For more information please contact:

Bogdan Vovchenko

+7 495 661-55-38

vovchenko@group-ib.ru

About Group-IB

Group-IB is the first and only public company in Russia professionally and fully engaged in consulting in the field of digital crime investigation and computer forensics. It is a part of LETA Group.

ESET, an international developer of antivirus software and decisions in sphere of computer security, reports that it took part in international Computer Antivirus Research Organization Conference (CARO 2011) jointly with Group-IB, Russian company, which specializes in investigation of information security incidents.

CARO is an annual information security conference where IS specialists discuss pressing issues related to threats and trends in this sphere, represent their researches, as well as share experience in cybercrime prevention. The event is held behind “closed doors” that implies freer-flowing communication among experts. This year the conference took place in the capital of Czech Republic – Prague, and it assembled more than 100 specialists in sphere of information security.

Within scopes of CARO 2011 ESET specialists jointly with a representative of Group-IB reported on issues related to information security in Russia and tendencies of cybercrime development in the country. Besides, a part of the report was devoted to positive tendencies in sphere of computer crime prevention in Russia: legislation development, popularization of computer forensics and approaches to incident management.

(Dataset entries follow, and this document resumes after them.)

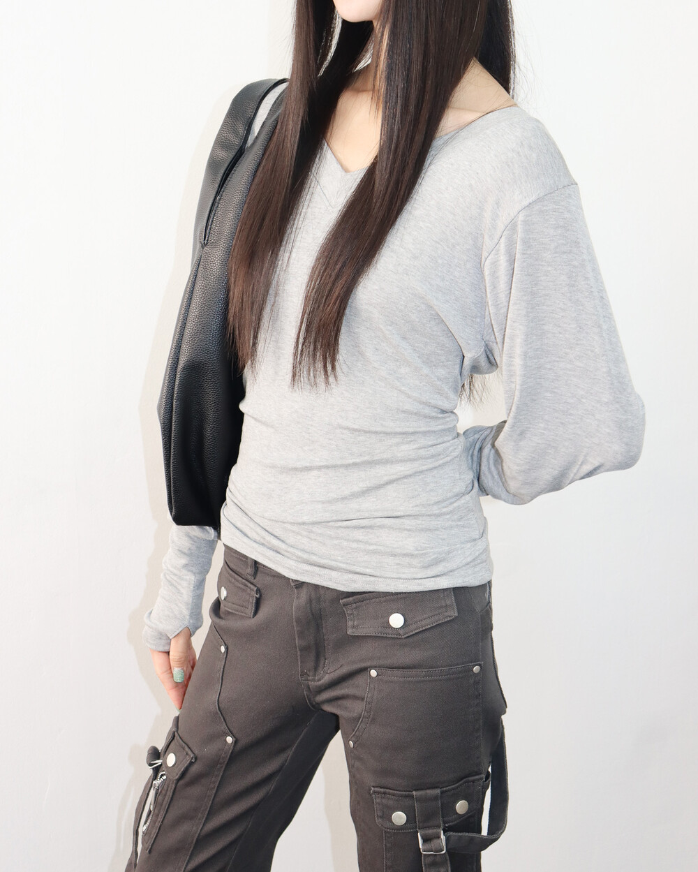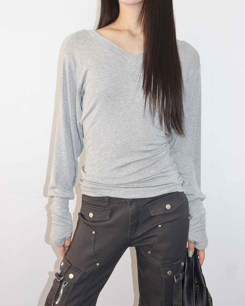 - CYNTH SLIM V-NECK TOP (MELANGE GRAY)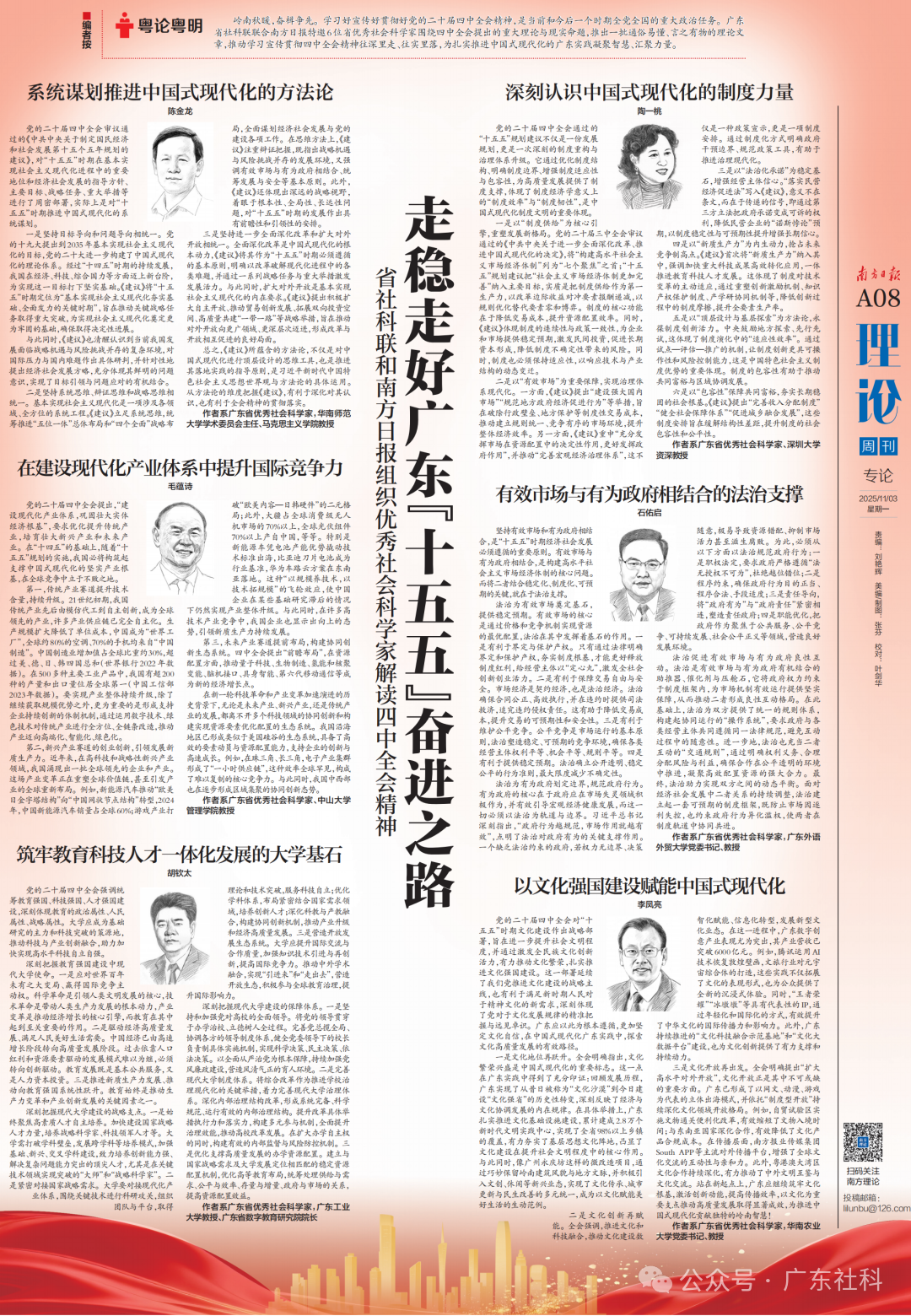 编者按:岭南秋暖,奋楫争先。学习好宣传好贯彻好党的二十届四中全会精神,是当前和今后一个时期全党全国的重大政治任务。广东省社科联联合南方日报特邀6位省优秀社会科学家围绕四中全会提出的重大理论与现实命题,推出一批通俗易懂、言之有物的理论文章,推动学习宣传贯彻四中全会精神往深里走、往实里落,为扎实推进中国式现代化的广东实践凝聚智慧、汇聚力量。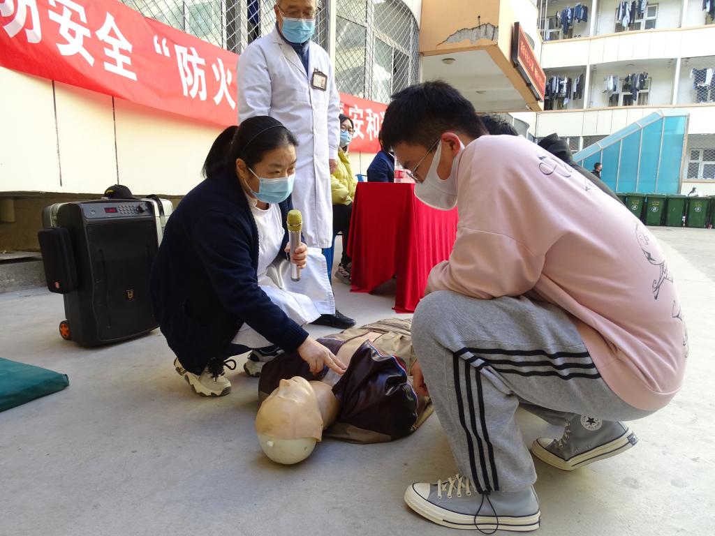 此后,校医院白毅医生对急救知识进行展示和演说,亲自向同学们展示心肺复苏模拟流程等。演习的第三项由保卫处向远峰老师进行灭火器使用方法的慢动作解析,并安排学生代表动手操作并进行试验。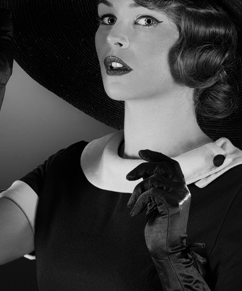 Achetez cette œuvre d'art en noir et blanc 50' beauté & ; élégance française par Manu Allicotsur toile, aluminium, ArtFrame ou photographie (encadrée), impression d'art en haute qualité et tout format.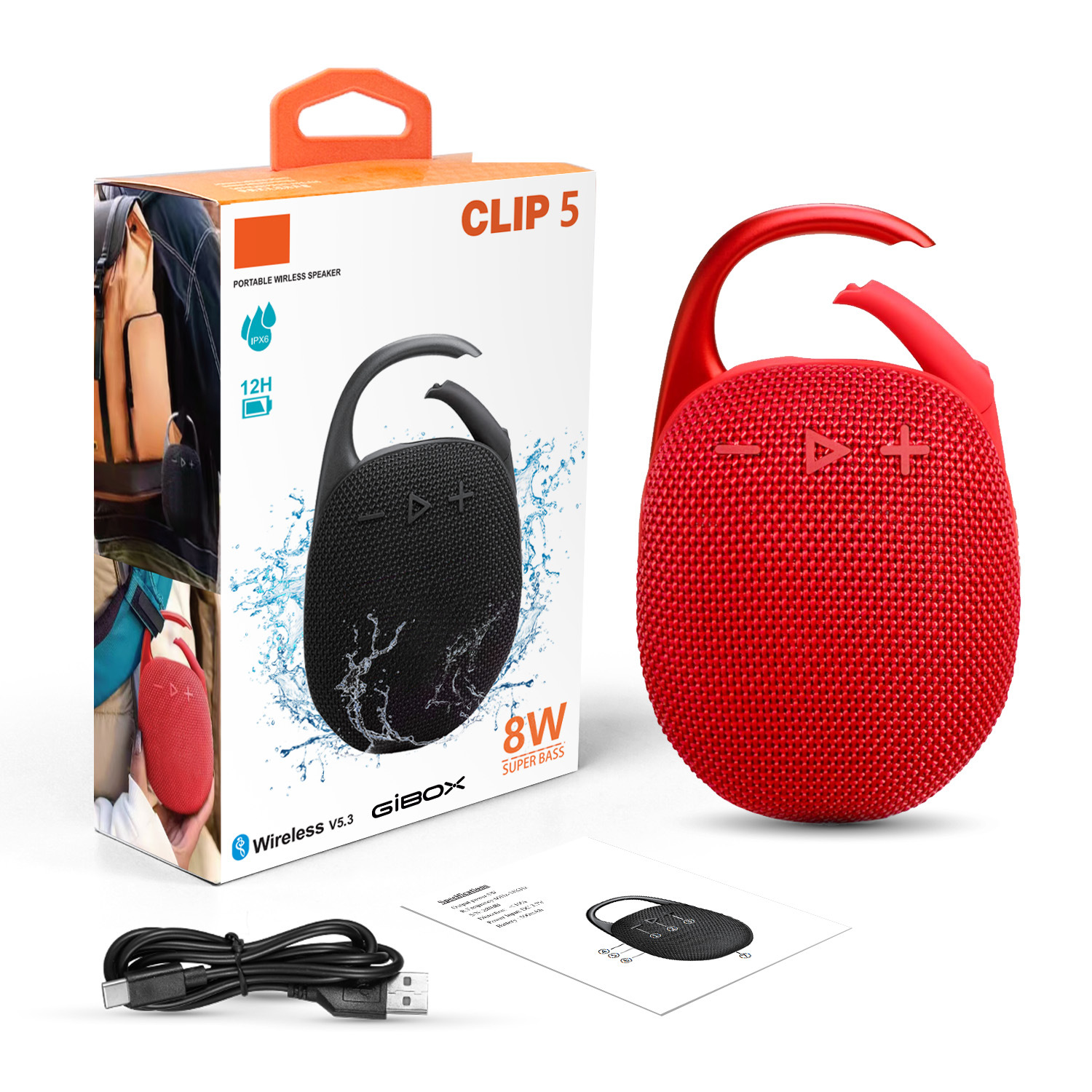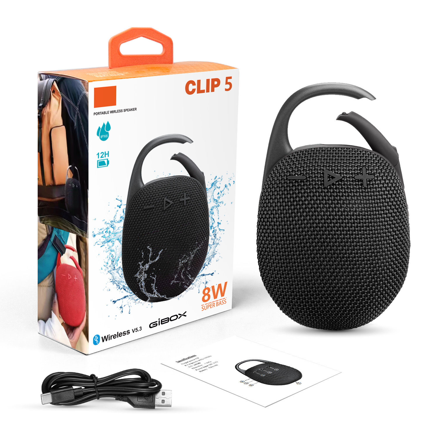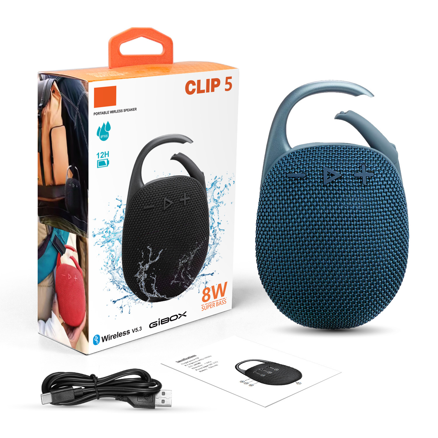 대외 무역 뜨거운 판매 CLIP5 휴대용 패브릭 블루투스 스피커 야외 방수 스피커 7 레벨 방수 미니 스피커

A speech was opened by Dmitry Volkov, Group-IB Deputy General Manager, who made a brief analysis of a state of Russian computer crime market for 2010. As statistical data of Cyber Forensic Laboratory of Group-IB have shown, last year the most popular types of cyber threats were incidents in online banking systems, SMS-fraud cases, DDoS-attacks and unauthorized access to important corporate information. It should be also mentioned a strong growth of number of a new type threat incidents connected with attacks pointed at popular brands on the Internet. Special priority in the report was given to fraud in online banking systems as the most popular type of computer crimes on the territory of the Russian Federation. Distinct interest of foreign experts was aroused by typical schemes of stolen money conversion into cash.

‘We consider it an honour to be invited to CARO 2011’, — Dmitry Volkov speaks. — ‘Events of such scale assemble a great number of highly-skilled experts in sphere of information security and computer crime prevention. It is the place where you can share your practical knowledge, establish partnerships and strengthen international cooperation that is necessary to give an effective answer to cybercrime challenges. We are trying to make it clear that Russia is not a source of cybercriminals and by our example we show that Russian IT-Companies and the state are actively combatting this problem’.

The second part of the report represented by Aleksandr Matrosov, Director of Virus Research and Analytics Center of ESET Russian Resident Office, and Robert Lipovski, ESET Virus Analyst, was devoted to technical aspects of cyber-attack realization in Russian banking sector. In particular, specialists told about malicious software which is used by intruders to steal financial resources through online banking systems.

The most widespread threats for online banking systems became sets of malicious software – Win32/RDPdoor, Win32/Sheldor, Win32/Carberp, Win32/Hodprot and Win32/Qhost correspondingly. Special attention was given to the first three Trojan Horse software that were leading by number of incidents. The most popular in Russia was Win32/RDPdoor backdoor that forms a botnet and uses Microsoft Remote Desktop Protocol to infect a computer. According to ESET, the price of this malicious software among hackers makes about $ 2, 000. To the maximum extend the threat penetrated the territory of Russia, Ukraine and Kazakhstan.

‘Results of our research showed that criminals still succeed in responding to security measures taken by companies and also develop and use new methods to bypass IS systems’, — Aleksandr Matrosov comments. — ‘Command server shutdown is not efficient any more to oppose vigorous growth of cybercrime. The only way to prevent computer crimes today is to join efforts in this sphere on international level and permanent close cooperation’.

For more information please contact:

Bogdan Vovchenko

+7 495 661-55-38

vovchenko@group-ib.ru

About Group-IB

Group-IB is the first and only public company in Russia professionally and fully engaged in consulting in the field of digital crime investigation and computer forensics. It is a part of LETA Group.

Microsoft has published results of a research related to OS Windows pirated copy safety conducted at the beginning of 2011 by Group-IB. Experts have analyzed pirated copies of Microsoft Windows XP, Windows Vista and Windows 7 operational systems.

Scanning of a distribution disk and subsequently a software product version that is installed from it was carried out by means of antivirus tools of several developers. This method allowed to increase probability of malicious software detection. Each software product was analyzed by experts both for a malicious code and general operability. Pirated copies of operational systems available for Russian users through basic distribution channels — in unauthorized points of sale on physical mediums (DVD, CD) and on the Internet (torrents and file hosting services) — were subjects to research.

According to the research, 94 % of all pirated copies contain bypass mechanisms of Windows software products activation that potentially negatively affect stability of system operation. Moreover, in 7 % of all examined operational system copies there was detected software directly intended for password and other personal data stealing.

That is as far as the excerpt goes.